The farm is bursting with horses, riders, gardeners. Ladies camps, kids camps, summer peeps for lessons, horse shows with a big crew. All good. All working towards a $7000.00 hay bill and continuing payments on my two star lesson horses. But despite my lack of good record keeping (receipts all in an envelope waiting to be recorded and analyzed!) it does seem to be coming in just enough to go back out again. Best line of summer so far: "What color is your pony?" "Oh, he's a jalapeno." The pony is actually a palomino.

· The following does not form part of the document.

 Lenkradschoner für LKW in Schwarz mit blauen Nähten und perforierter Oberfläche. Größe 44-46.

We have a river. 10 minutes hiking down the fields, ford a mucky stream, cross some RR tracks, and slide down a bank. Then you've arrived. Serene river with warm water and a river to swim to. The other day down there with tevas, sports bra, undies, beer, bf, and golden retriever I felt down right cruncy. Granoooola. Should have bathed in patchuoli. But I didn't. Just dipped in the river and then snapped photos on my blackberry which really snapped me right out of that hippy moment.

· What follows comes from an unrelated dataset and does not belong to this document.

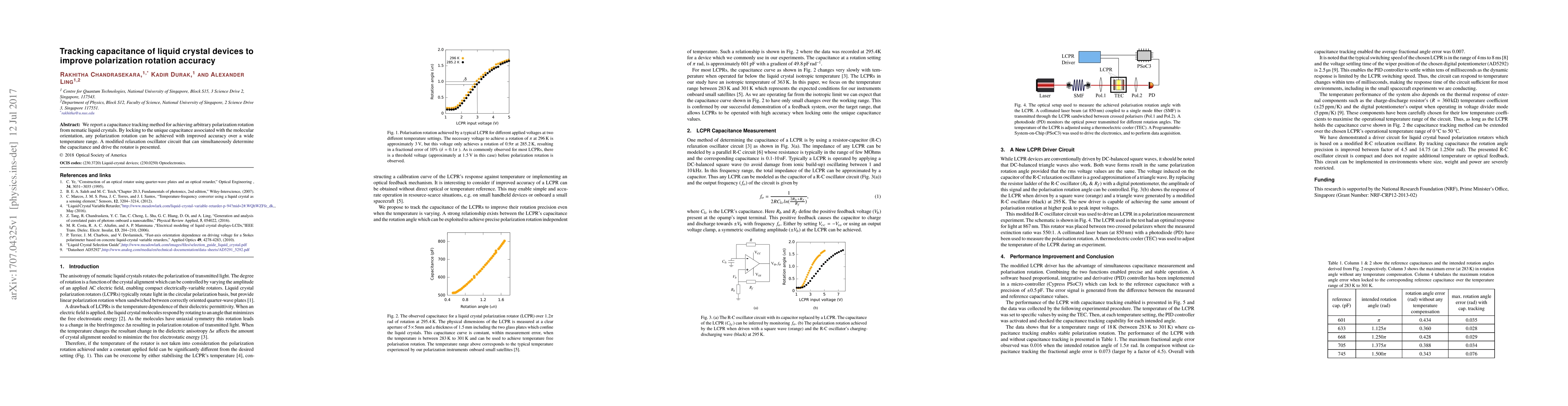 Researchers developed a method to track capacitance in liquid crystal devices, enabling precise polarization rotation over a wide temperature range. This achievement improves the accuracy of arbitrary polarization rotation using a modified relaxation oscillator circuit.

We have peas coming - lots of them. And sunflowers and pumpkins. Lettuce is current. And some wacky early broccoli. Looks like broccolini.

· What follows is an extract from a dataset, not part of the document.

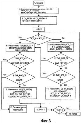 На этапе 14 объект пользователя с заданным индексом назначают несущей 1 и оценивают нагрузку по несущей 1, ROT_C1. Как можно видеть на фиг.6, эта нагрузка мала для UEN = UE 2. Кроме того, индекс выделения несущей уменьшается, C1_INDEX, по порядку, то есть процесс готов к обработке объекта пользователя, имеющего следующее более высокое значение MAX_ROT. Аналогично объекты пользователей, имеющие наивысшее допустимое значение MAX_ROT, распределяют (в порядке убывания) для не RACH несущей C2 в соответствии с этапами 7-9.

I'm losing it. The focus. Really need to do bookkeeping for the farm, for myself with TT, for the student loan (sharks). Don't have energy. Day starts early tomorrow again. Camp 9-4. Extra lessons 4-6. Good friend visiting starting around noon. Farrier coming to show horses around 2. Buckle up and hold on...it just keeps flying away.

Oh, and one more thought. We went to the municipal pool today for a couple of pm hours during camp. It is a GREAT pool. There are 2 water slides. It costs $1. It was full of kids and fat people. Fat women with tats. And high heel wedge cork sandles. Ick. Which brings me to my 30 by 30. Has NOT been going so hot since I broke myself 2 months ago and the horses hit their summer peak. Haven't had time to keep track and haven't had well body to workout. AND...TT and I love the ice cream store next door, doh. But I think that this week will jump start given my lack of time for food and my enormous expenditure of energy just standing and teaching tha tmany hours. I'm losing my voice...maybe could lose some pounds along with it.

The rest of the summer weekends are full of horse shows, baby showers, and weddings, oh my. We will have one weekend home at the farm - maybe two. We may get to hit one island overnight concert. Last week saw some glorious summer days and sneak aways (to a beach, a day of fishing, and a wooded lake) so it isn't all work and no play...just mostly:) Good thing I love my work so much it feels like play.

I'm not even going to read this. Just post it. Editing be damned. This is stream of my semi-consciousness.

I LOVE MASON JENNINGS! and michael franti!